4. A WHR system according to any one of the preceding claims, characterized in that the WHR system comprises a heat transfer arrangement configured to transfer heat from the heat storage (28) to the second evaporator (19).

5. A WHR system according to claim 4, characterized in that said heat transfer arrangement comprises a heat transfer circuit (31), a pump (32) configured to circulate a heat transfer fluid in the heat transfer circuit (31) from the heat storage (28) to the second evaporator (19).

6. A WHR system according to claims 5, characterized in that said heat transfer fluid is the same fluid as used in the retarder (20).
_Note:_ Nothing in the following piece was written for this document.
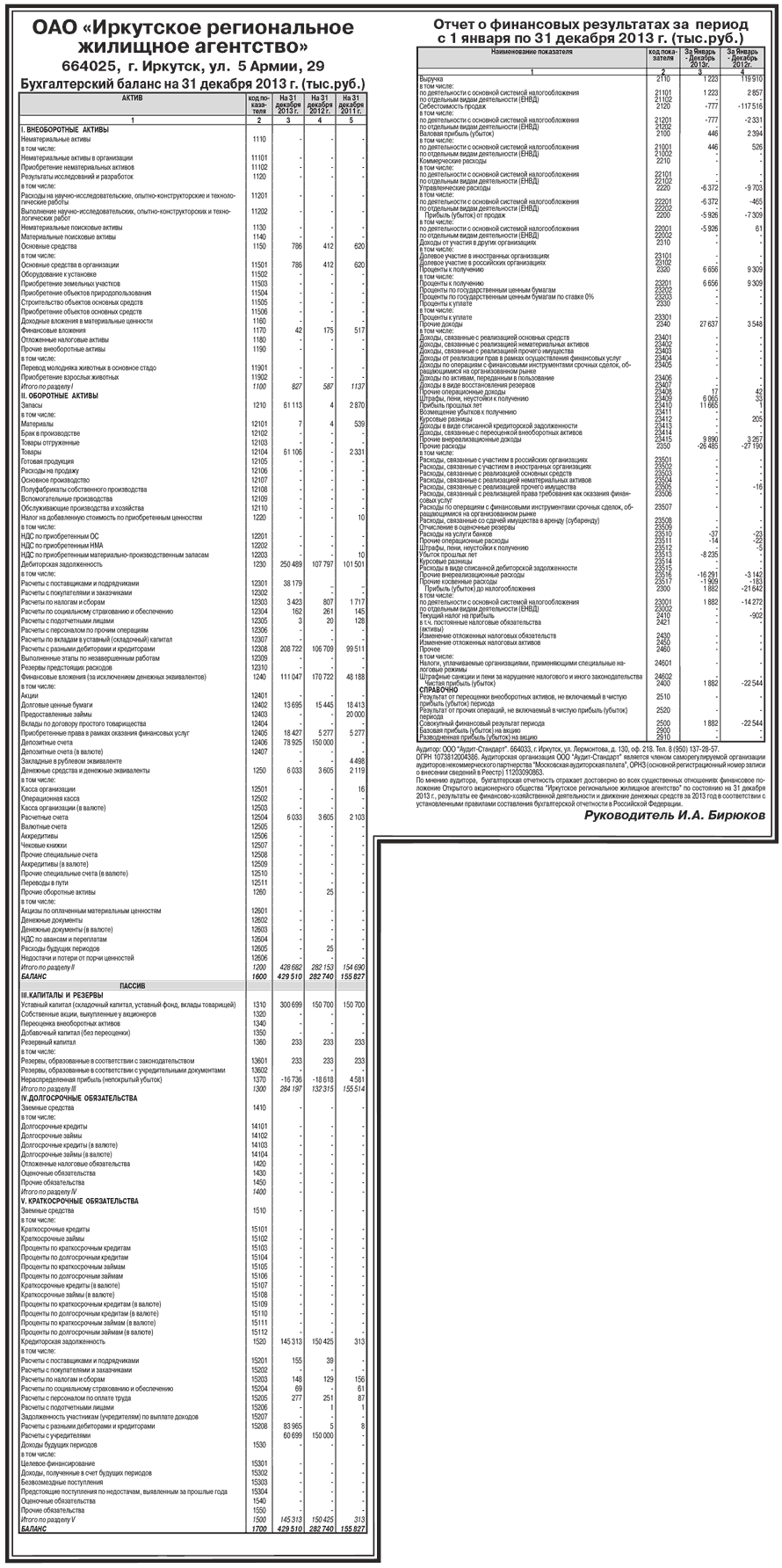 ОАО «Иркутское региональное жилищное агентство». Бухгалтерский баланс на 31 декабря 2013 г. (тыс.руб.)

7. A WHR system according to claim 5, characterized in that said heat transfer fluid is a separate fluid in relation to the retarder fluid used in the retarder circuit.

8. A WHR system according to any one of the preceding claims, characterized in that the WHR system comprises a control unit (11) configured to control said valve arrangement (21, 22, 23, 33) in view of information about at least one operating parameter (p).

9. A WHR system according to claim 9, characterized in that the said parameter (p) is the temperature of the exhaust gases and/or the temperature in the heat storage (28).

10. A WHR system according to any one of the preceding claims, characterized in that the first evaporator (18) and the second evaporator (19) are arranged in parallel lines (16a, 16b) in the WHR circuit 16.

11. 1 1. A WHR system according to claim 10, characterized in that the valve arrangement comprises a first three way valve (21) arranged in a branched point of the two parallel lines (16a, 16b).

12. A WHR system according to claim 11, characterized in that the valve arrangement comprises check valves (22, 23) arranged in the respective parallel lines (16a, 16b) in a downstream position of the respective evaporators (18, 19).

13. A WHR system according to claim 11, characterized in that the valve arrangement comprises a three way valve (33) arranged in a connection point of the two parallel lines (16a, 16b) in a position downstream of the evaporators (18, 19).

14. A vehicle comprising a WHR-system according to any one of the preceding claims 1 to 13.